►

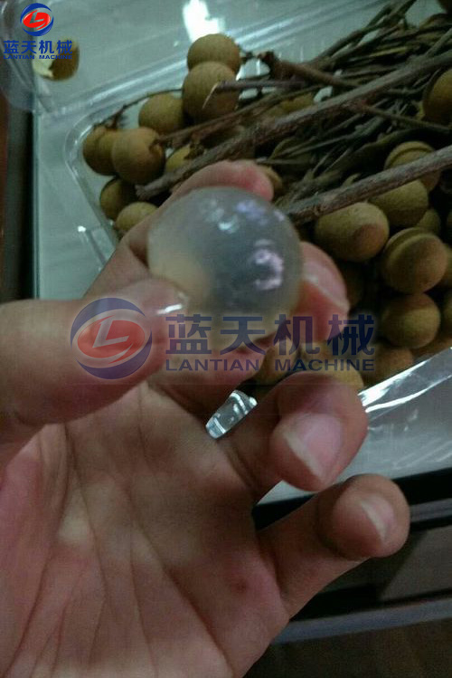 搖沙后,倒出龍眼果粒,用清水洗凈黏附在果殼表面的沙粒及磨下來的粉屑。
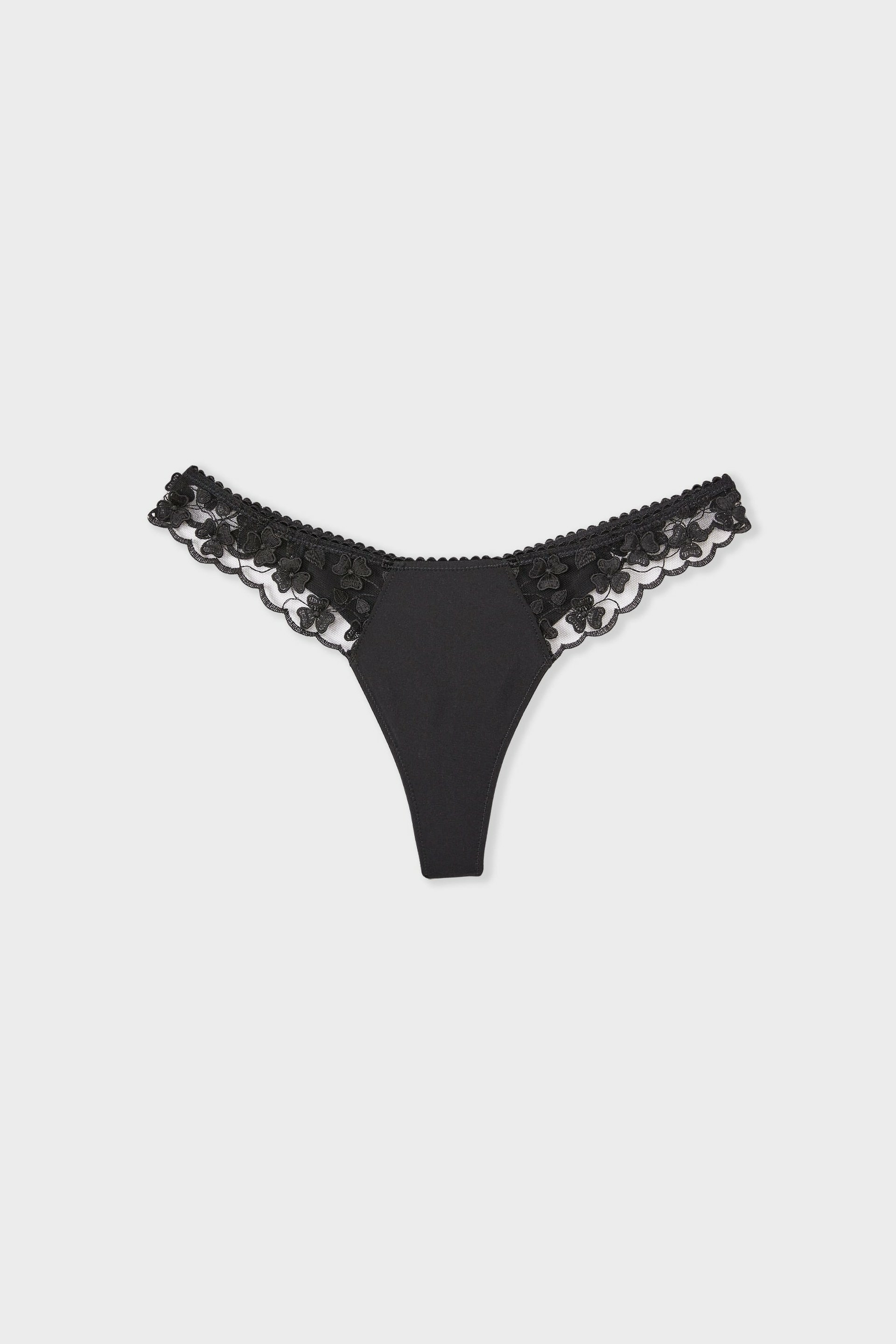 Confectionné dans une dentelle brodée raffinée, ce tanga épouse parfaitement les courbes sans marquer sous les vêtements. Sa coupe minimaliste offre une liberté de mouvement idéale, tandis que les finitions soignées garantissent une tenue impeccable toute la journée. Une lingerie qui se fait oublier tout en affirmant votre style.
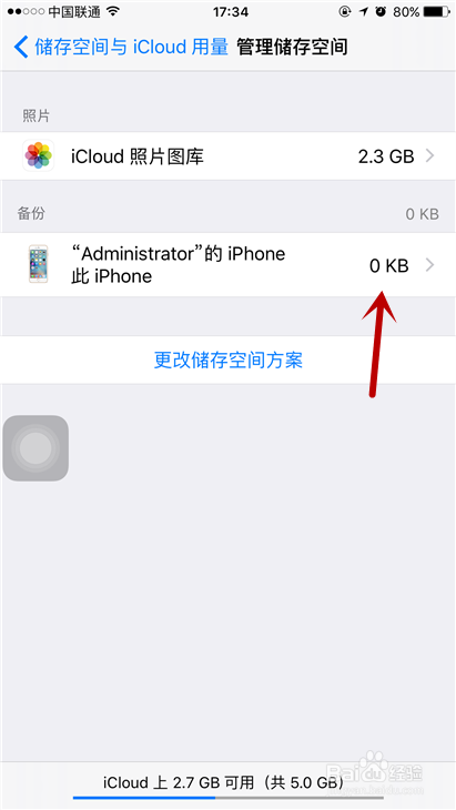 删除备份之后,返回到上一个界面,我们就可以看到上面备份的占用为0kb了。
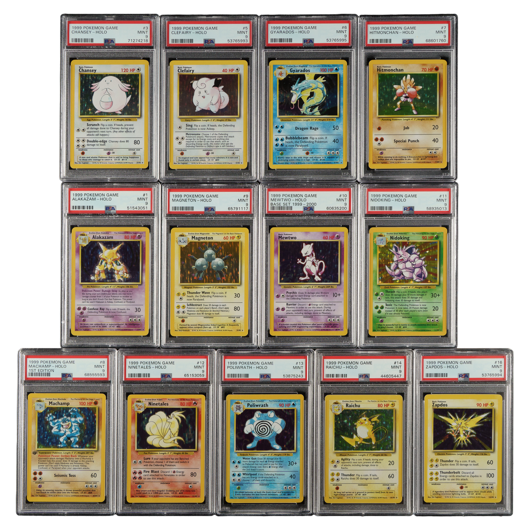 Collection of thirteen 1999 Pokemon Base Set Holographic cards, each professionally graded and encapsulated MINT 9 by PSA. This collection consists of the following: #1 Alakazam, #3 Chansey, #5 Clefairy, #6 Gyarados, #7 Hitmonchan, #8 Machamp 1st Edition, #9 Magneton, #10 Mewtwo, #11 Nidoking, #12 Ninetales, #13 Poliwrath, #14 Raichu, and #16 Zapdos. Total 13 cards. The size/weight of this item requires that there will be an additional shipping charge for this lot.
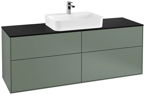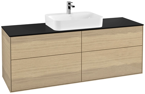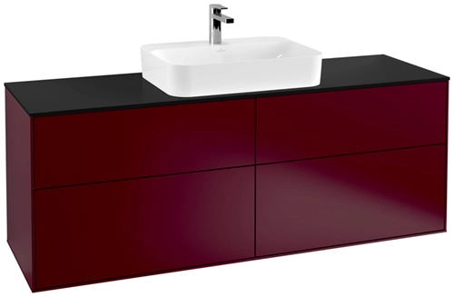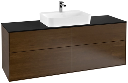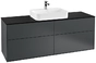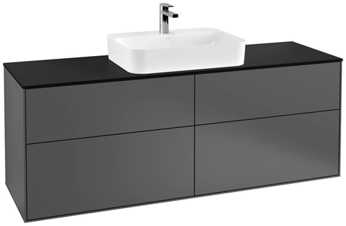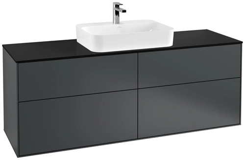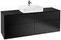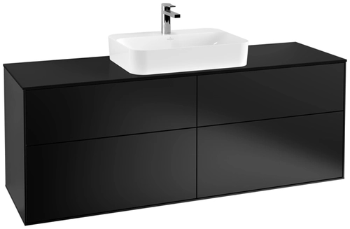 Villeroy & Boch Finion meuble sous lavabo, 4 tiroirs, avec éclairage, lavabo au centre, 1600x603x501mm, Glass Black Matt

◄

-- WORK REQUEST --
The answer must be an exact copy of the lines from the one containing "Collection of thirteen" through the last line of the records, and nothing else. Pictures do not belong in it.

-- TASK RESULT --
 Collection of thirteen 1999 Pokemon Base Set Holographic cards, each professionally graded and encapsulated MINT 9 by PSA. This collection consists of the following: #1 Alakazam, #3 Chansey, #5 Clefairy, #6 Gyarados, #7 Hitmonchan, #8 Machamp 1st Edition, #9 Magneton, #10 Mewtwo, #11 Nidoking, #12 Ninetales, #13 Poliwrath, #14 Raichu, and #16 Zapdos. Total 13 cards. The size/weight of this item requires that there will be an additional shipping charge for this lot.
 Villeroy & Boch Finion meuble sous lavabo, 4 tiroirs, avec éclairage, lavabo au centre, 1600x603x501mm, Glass Black Matt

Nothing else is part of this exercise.